### What the task asks
The line containing "出演者 柿の花 / Glans" marks the start; extract exactly from it through the last line of the entries, and omit any pictures.

### Dataset records

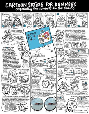 The whole outrage and commentary may not even be relevant. Given the cartoon's history of double-takes, rather than having mocked victims of a hurricane or having generalized them as Neo-Nazis, that particular cartoon may have instead attempted to mock the tendency of religious evangelicals appropriating natural disasters as God's punishment for a demographic they hate, such as punishment for legalizing gay marriage.[57] Regardless, discussion likely should've revolved around how this cartoon conveyed its message, as its intents were lost, but the media, reveling in outrageous headlines, have barely even mentioned, if at all, as a possibility.
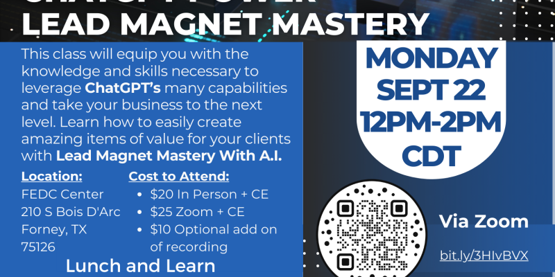 A.I. has revolutionized all aspects of marketing. Learn how to easily create amazing items of value for your clients. Marketing pieces that become the perfect lead capture tool for all business owners.
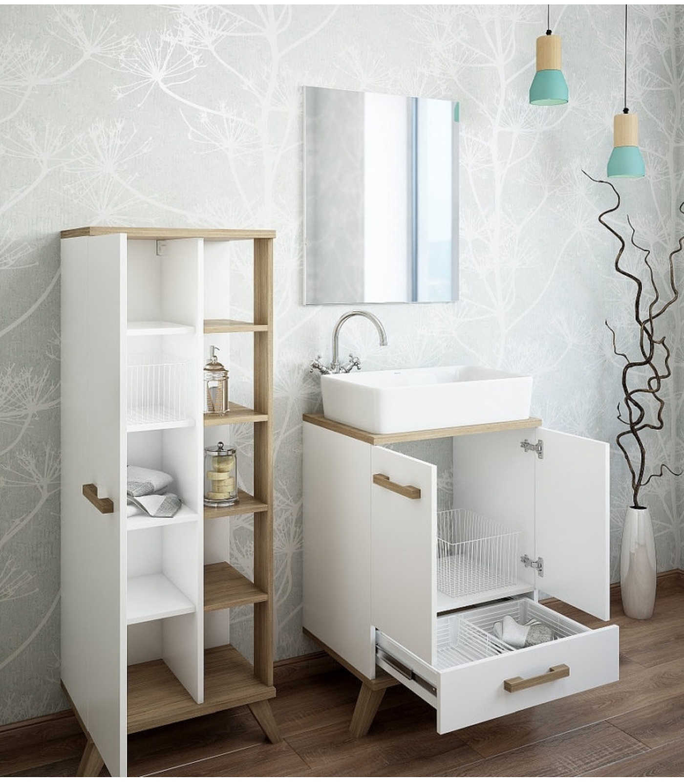 Тумба с раковиной «Ингрид» от российской компании Sanflor станет ярким дополнением интерьера просторной ванной комнаты в стиле ретро. Предназначена для использования в условиях повышенной влажности. Тумба изготовлена из влагостойкой ДСП с матовым эмалевым покрытием, не истирающимся в процессе эксплуатации, а лицевые кромки ламинированы, что придает им дополнительную износостойкость. Декоративные вставки произведены из ДСП, ламинированной пленкой ПВХ в оттенке «швейцарский вяз». Выдвижной ящик и внутреннее пространство за распашными дверцами.
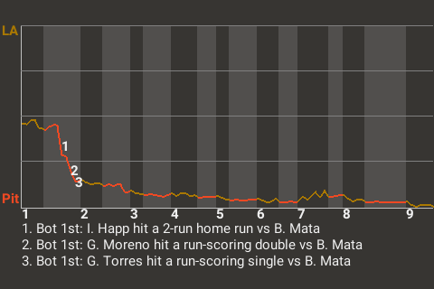 The Ironmen got a big at-bat from left fielder Ian Happ. For the game, Happ was 1-4 with a home run. He drove in 2 runs and scored once. In the bottom of the first, with a runner on 1st, he stroked a 2-run home run. His 18th home run of the season gave Pittsburgh a 2-0 lead.
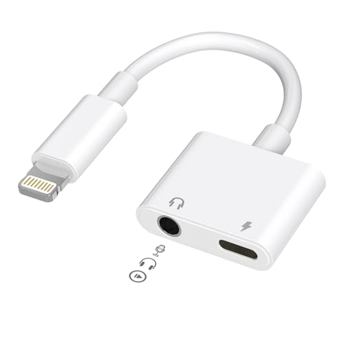 MFi認証のLightning 3.5mmヘッドフォンジャック変換アダプタです。iPhone 7-14やiPadに対応し、通話やHi-Fi音楽、音量調節が可能。2in1充電機能搭載で便利です。
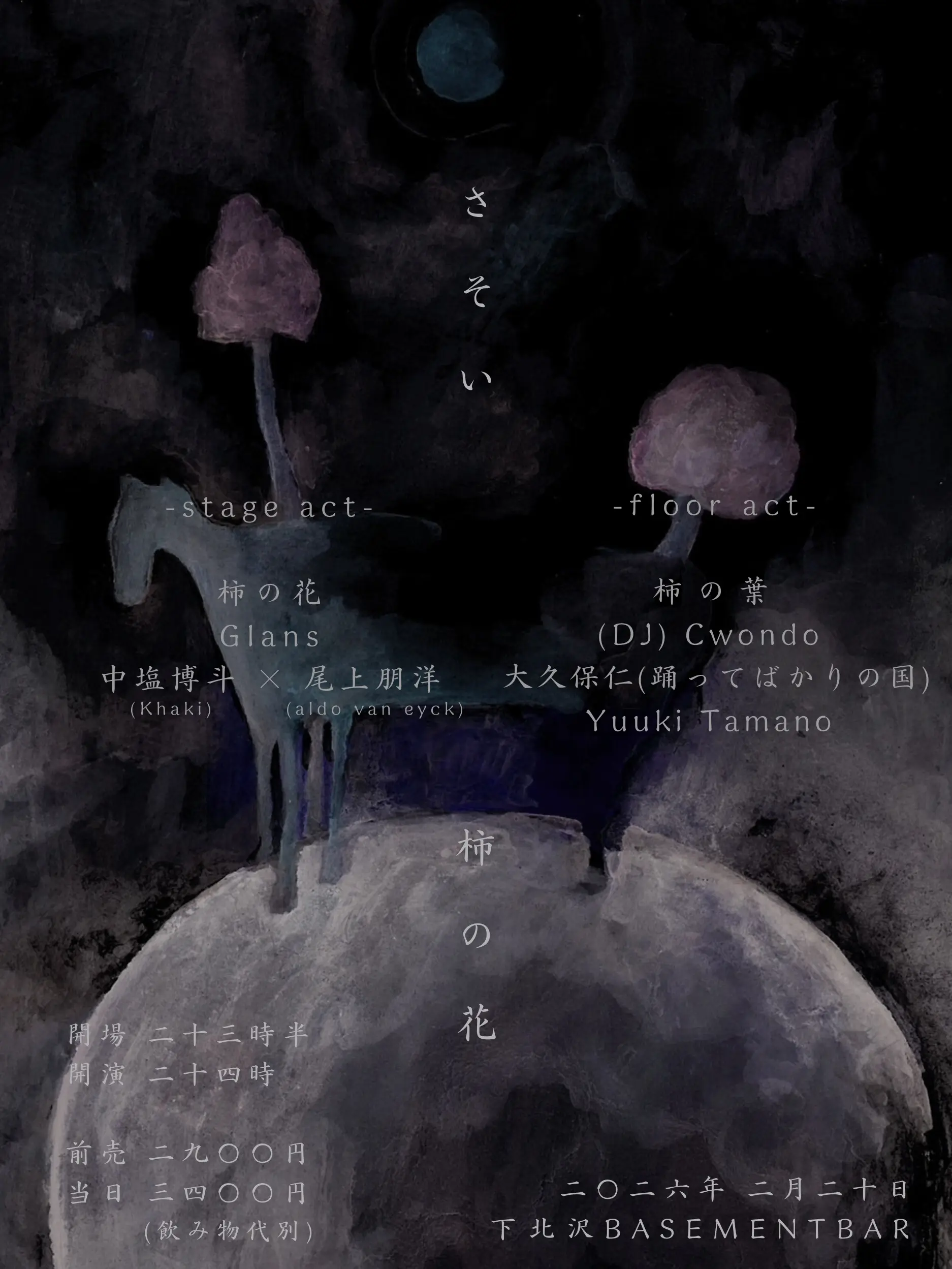 出演者 柿の花 / Glans / 中塩博斗(Khaki) / 尾上朋洋(aldo van eyck) / 大久保仁(踊ってばかりの国) / Yuuki Tamano / Cwondo(DJ)
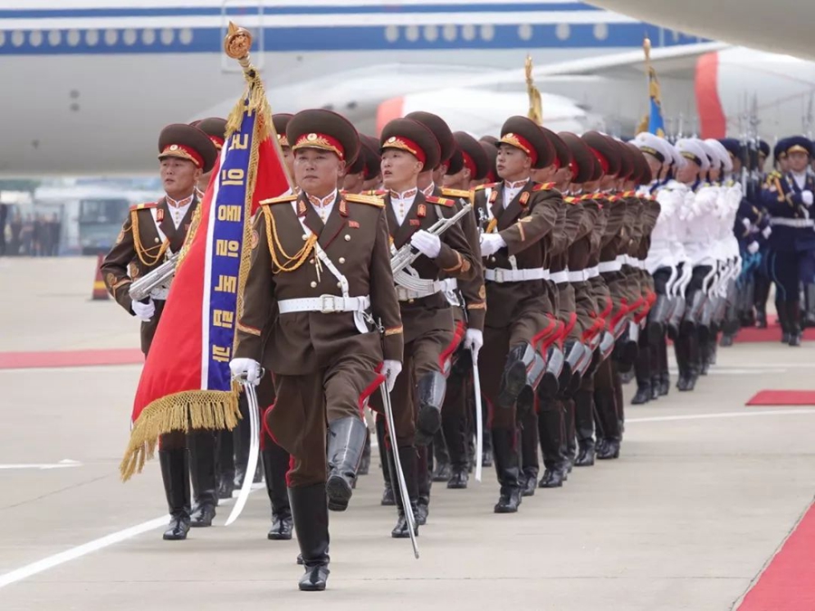朝方在機(jī)場(chǎng)舉行隆重歡迎儀式。
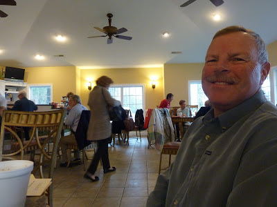 We served Birthday cake and coffee at our condo for friends (only one candle on Paul's cake as we did not want to start a fire with the other 60!) |
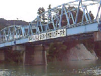 大きな橋に掛かっているカヌー大会の垂れ幕。
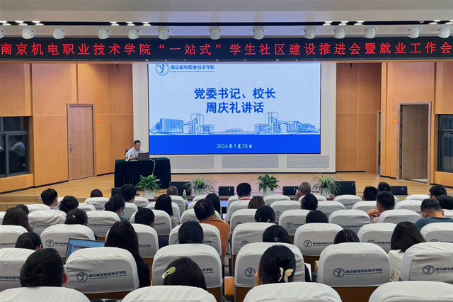 5月28日下午,学生工作处在乐学楼报告厅召开“一站式”学生社区建设暨就业工作会议,学校党委书记、校长周庆礼,党委副书记、副校长赵学洪,党委委员、副校长刁爱军,党委委员、副校长孔德丽,党委委员、纪委书记姜振宇,以及各职能部门负责人、系部主任、书记、专业负责人、全体辅导员、思政中心全体人员、招生组长100余人参加会议。会议由学生工作处处长张宝中主持。
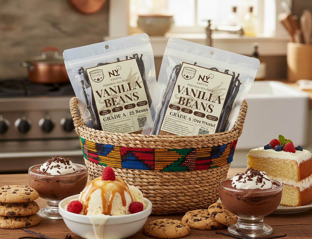 At NY Vanilla, we’re all about bringing you the best Grade A Ugandan vanilla beans—fresh, flavorful, and perfect for everything from home baking to professional cooking. We source only top-quality, vanilla pods that meet our high standards. Plus, as a proud Minority Women-Owned Business, we’re passionate about great vanilla beans and supporting our community..
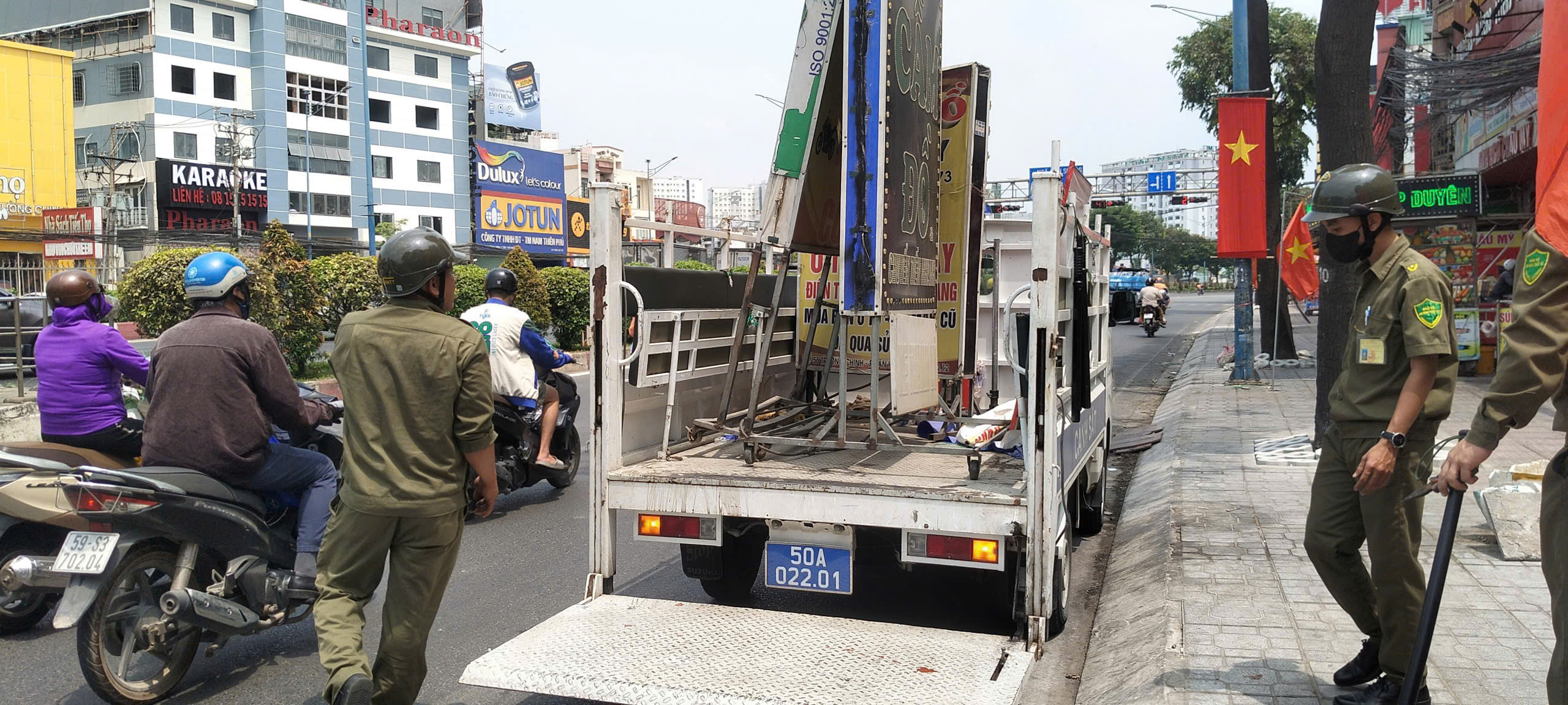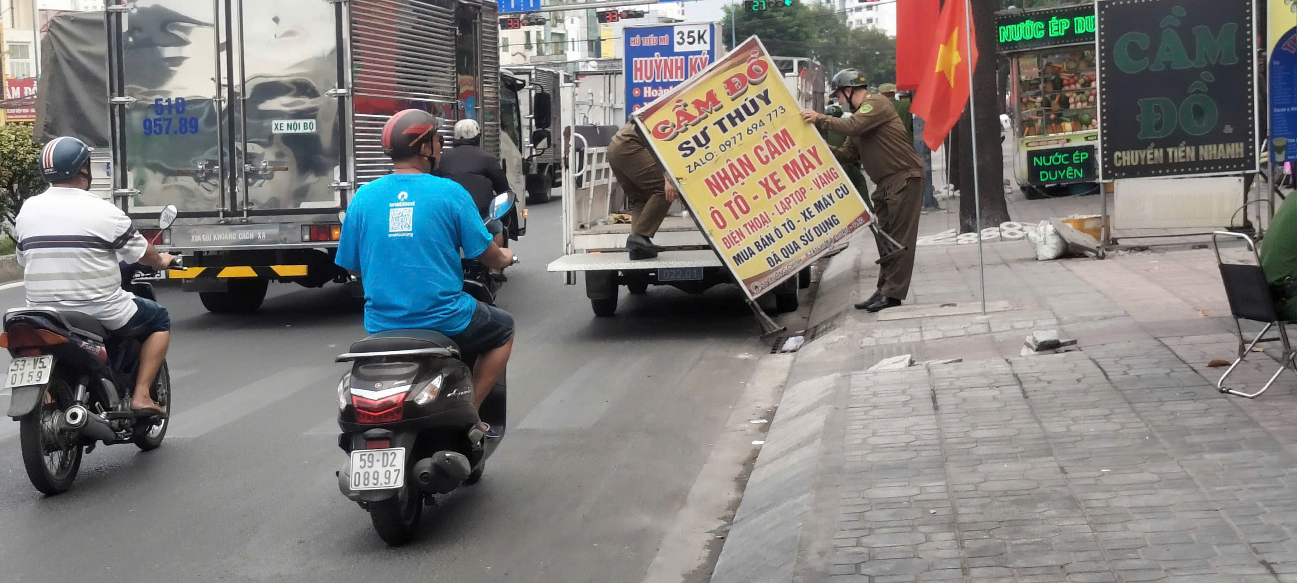 Việc xử lý nghiêm hành vi lấn chiếm vỉa hè góp phần bảo đảm mỹ quan đô thị dịp lễ 30-4. Ảnh: N.TÂN

### Solution
 出演者 柿の花 / Glans / 中塩博斗(Khaki) / 尾上朋洋(aldo van eyck) / 大久保仁(踊ってばかりの国) / Yuuki Tamano / Cwondo(DJ)
朝方在機(jī)場(chǎng)舉行隆重歡迎儀式。
 We served Birthday cake and coffee at our condo for friends (only one candle on Paul's cake as we did not want to start a fire with the other 60!) |
 大きな橋に掛かっているカヌー大会の垂れ幕。
 5月28日下午,学生工作处在乐学楼报告厅召开“一站式”学生社区建设暨就业工作会议,学校党委书记、校长周庆礼,党委副书记、副校长赵学洪,党委委员、副校长刁爱军,党委委员、副校长孔德丽,党委委员、纪委书记姜振宇,以及各职能部门负责人、系部主任、书记、专业负责人、全体辅导员、思政中心全体人员、招生组长100余人参加会议。会议由学生工作处处长张宝中主持。
 At NY Vanilla, we’re all about bringing you the best Grade A Ugandan vanilla beans—fresh, flavorful, and perfect for everything from home baking to professional cooking. We source only top-quality, vanilla pods that meet our high standards. Plus, as a proud Minority Women-Owned Business, we’re passionate about great vanilla beans and supporting our community..
 Việc xử lý nghiêm hành vi lấn chiếm vỉa hè góp phần bảo đảm mỹ quan đô thị dịp lễ 30-4. Ảnh: N.TÂN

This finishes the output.